David Gordon Green never really left us; he was even there in the 80s-VHS looseness of his recent experiments in Apatow-gang broad comedy, which started with Pineapple Express and continued with a couple of less well-regarded (but somewhat underrated) efforts. Regardless of the woodsy frolicking of Your Highness or The Sitter‘s mis-en-scene, some will mislabel Prince Avalanche the return of the “real” Green because it bears some superficial resemblance to his earlier indies. Of course, if you want to talk superficial resemblances, it also stars Apatow player Paul Rudd; the movie may be beautiful, but its comic spirit has plenty in common with Green’s newer films, too.

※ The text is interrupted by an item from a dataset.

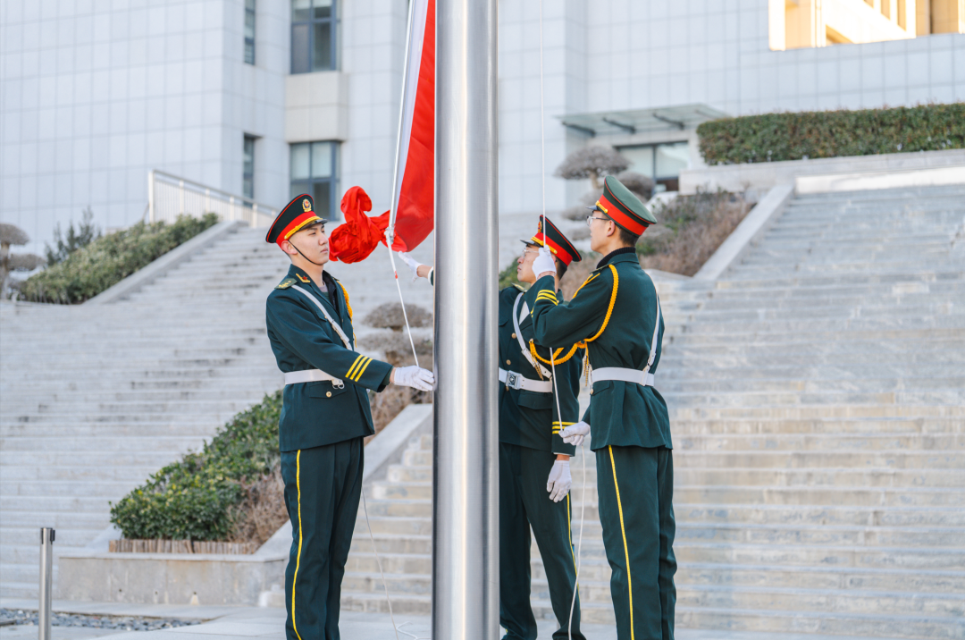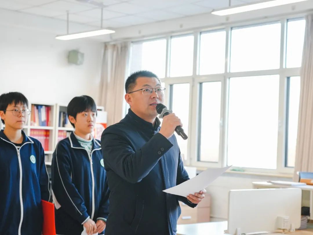 由于天气寒冷,升旗仪式转为室内举行。本次升旗仪式由韩托老师带领的高二15班负责,学生孟怡辰担任主持人。

Rudd plays Alvin, nominal supervisor at a very lonely job: painting traffic lines and posting reflective plastic on a road in an area of Texas that has been ravaged by wildfires. As the movie opens, Alvin has just brought on Lance (Emile Hirsch) to help out, as a favor to Madison (Alvin’s girlfriend and Lance’s sister). They’re already at odds over Alvin’s violation of what Lance calls their “equal time boombox agreement” (the movie is set in 1988)—Alvin wants to listen to his language tapes, which make Lance drowsy. That’s their relationship in a buddy-picture nutshell: Alvin earnestly, awkwardly, and somewhat pompously seeks to improve his upstanding self, while Lance grouses and wants to have more fun. Ninety percent or so of the dialogue, written by Green in that familiar off-kilter phrasing, comes from them; only a handful of other characters have any lines at all. This sparseness carries over to their environment: they’re surrounded by endless road, but encounter few cars, and endless trees, but many stripped to bark and branches. In some shots, Alvin and Lance may as well be walking around on the moon, and Prince Avalanche is perhaps the fullest expression of Green’s fascination of the place where nature meets post-industrial rubble.
Striking compositions from Green’s longtime cinematographer Tim Orr capture this invisible line, like one of yellow highway paint spilling into a stream, keep the movie from becoming a stagy two-hander. Instead, the stage-style isolation brings pathos to the comedy, which is substantial despite the melancholic overtones; it’s like the funny, fuck-around bits of Green’s earlier movies like All the Real Girls, or the more digressive bits of dialogue from Pineapple Express. Green was often compared to Malick in the first section of his career, and the campsite where Alvin and Lance make their temporary home recalls the tree-fort weirdness of Badlands—though Green has never been as dreamy or rapturous as his filmmaking ancestor, and these characters don’t have the searching soulfulness of many Malick heroes (or the quiet mania of the couple in Badlands). They’re closer to the ground, and Green flirts with condescending to their petty, sometimes clueless concerns.
But the movie is too funny and, even in its conflicts, too chummy to cross that line. Rudd, perhaps the most versatile comic leading man in the business, adds another note to his repertoire as a man whose desire to be seen as a provider and an authority figure may exceed his abilities, and Hirsch, a little doughier than usual, betrays no vanity as his goofy protégé. I didn’t even miss Paul Schneider or Danny McBride, who might’ve played a modified version of this dynamic earlier in Green’s career. In his more recent studio comedies, the seams between the comedy and the poetry sometimes showed; with Prince Avalanche, he hasn’t so much rediscovered his indie calling as remembered how to make the seams a part of the movie again.